____ RECORDS SHOWN

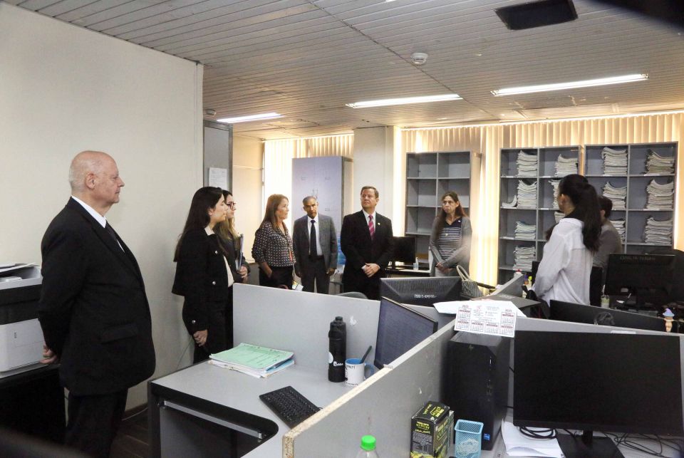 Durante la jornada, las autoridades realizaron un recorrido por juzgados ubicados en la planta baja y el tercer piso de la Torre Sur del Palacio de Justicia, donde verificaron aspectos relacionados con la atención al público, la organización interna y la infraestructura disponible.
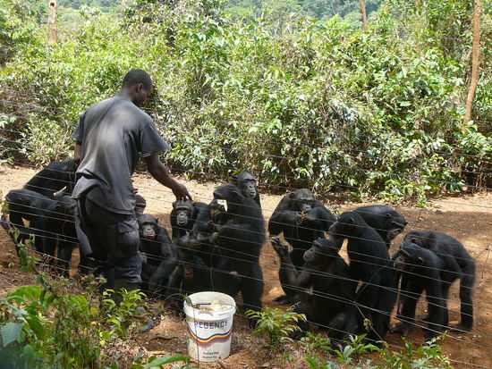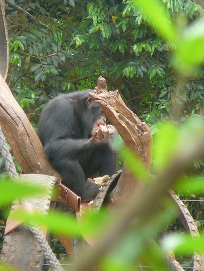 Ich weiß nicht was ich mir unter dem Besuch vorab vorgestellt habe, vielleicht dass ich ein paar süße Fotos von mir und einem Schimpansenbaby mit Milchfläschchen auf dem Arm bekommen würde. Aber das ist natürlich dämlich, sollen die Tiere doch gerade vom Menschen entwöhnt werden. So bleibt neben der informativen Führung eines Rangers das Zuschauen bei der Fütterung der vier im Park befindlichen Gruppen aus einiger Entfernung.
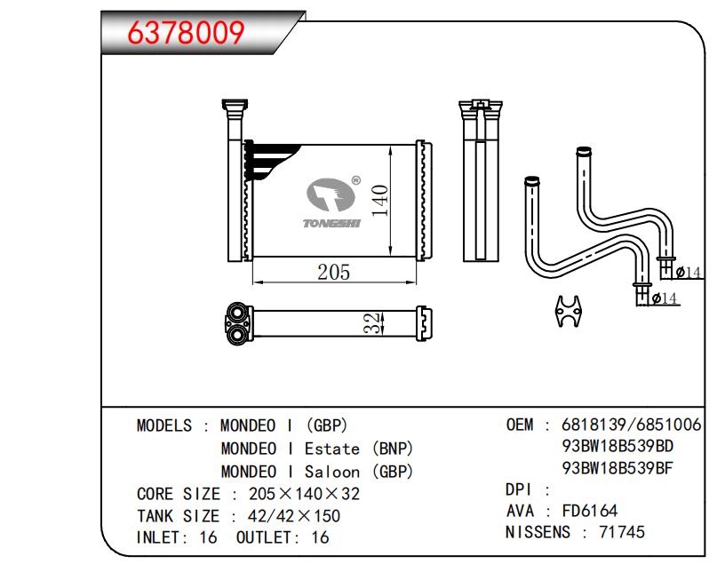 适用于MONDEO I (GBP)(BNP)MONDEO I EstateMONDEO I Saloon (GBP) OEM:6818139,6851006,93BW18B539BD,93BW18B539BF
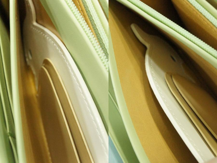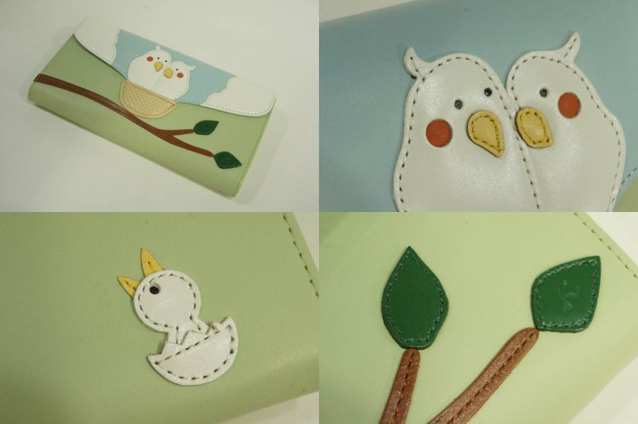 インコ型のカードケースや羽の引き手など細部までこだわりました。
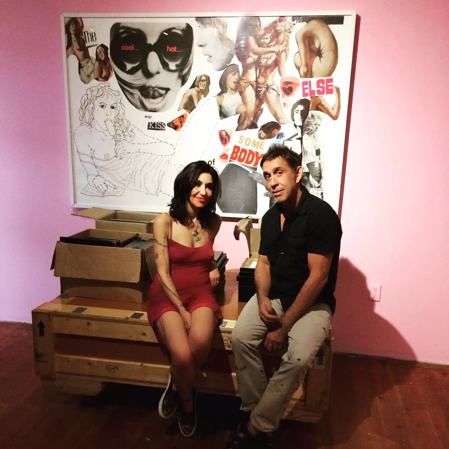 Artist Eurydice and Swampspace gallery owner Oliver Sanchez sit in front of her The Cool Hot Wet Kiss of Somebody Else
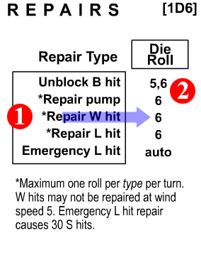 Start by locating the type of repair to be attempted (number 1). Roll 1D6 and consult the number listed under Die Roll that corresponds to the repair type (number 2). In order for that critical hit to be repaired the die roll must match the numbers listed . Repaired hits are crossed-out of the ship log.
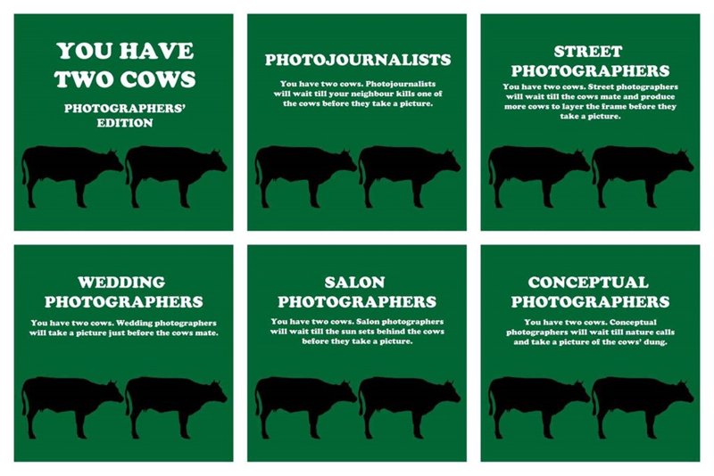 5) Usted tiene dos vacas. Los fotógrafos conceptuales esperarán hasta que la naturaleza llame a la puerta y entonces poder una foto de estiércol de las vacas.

________

WHAT IS EXPECTED
Your reply should consist of the data, transcribed exactly, and should hold no pictures.

ANSWER BOX
 Durante la jornada, las autoridades realizaron un recorrido por juzgados ubicados en la planta baja y el tercer piso de la Torre Sur del Palacio de Justicia, donde verificaron aspectos relacionados con la atención al público, la organización interna y la infraestructura disponible.
 Ich weiß nicht was ich mir unter dem Besuch vorab vorgestellt habe, vielleicht dass ich ein paar süße Fotos von mir und einem Schimpansenbaby mit Milchfläschchen auf dem Arm bekommen würde. Aber das ist natürlich dämlich, sollen die Tiere doch gerade vom Menschen entwöhnt werden. So bleibt neben der informativen Führung eines Rangers das Zuschauen bei der Fütterung der vier im Park befindlichen Gruppen aus einiger Entfernung.
 适用于MONDEO I (GBP)(BNP)MONDEO I EstateMONDEO I Saloon (GBP) OEM:6818139,6851006,93BW18B539BD,93BW18B539BF
 インコ型のカードケースや羽の引き手など細部までこだわりました。
 Artist Eurydice and Swampspace gallery owner Oliver Sanchez sit in front of her The Cool Hot Wet Kiss of Somebody Else
 Start by locating the type of repair to be attempted (number 1). Roll 1D6 and consult the number listed under Die Roll that corresponds to the repair type (number 2). In order for that critical hit to be repaired the die roll must match the numbers listed . Repaired hits are crossed-out of the ship log.
 5) Usted tiene dos vacas. Los fotógrafos conceptuales esperarán hasta que la naturaleza llame a la puerta y entonces poder una foto de estiércol de las vacas.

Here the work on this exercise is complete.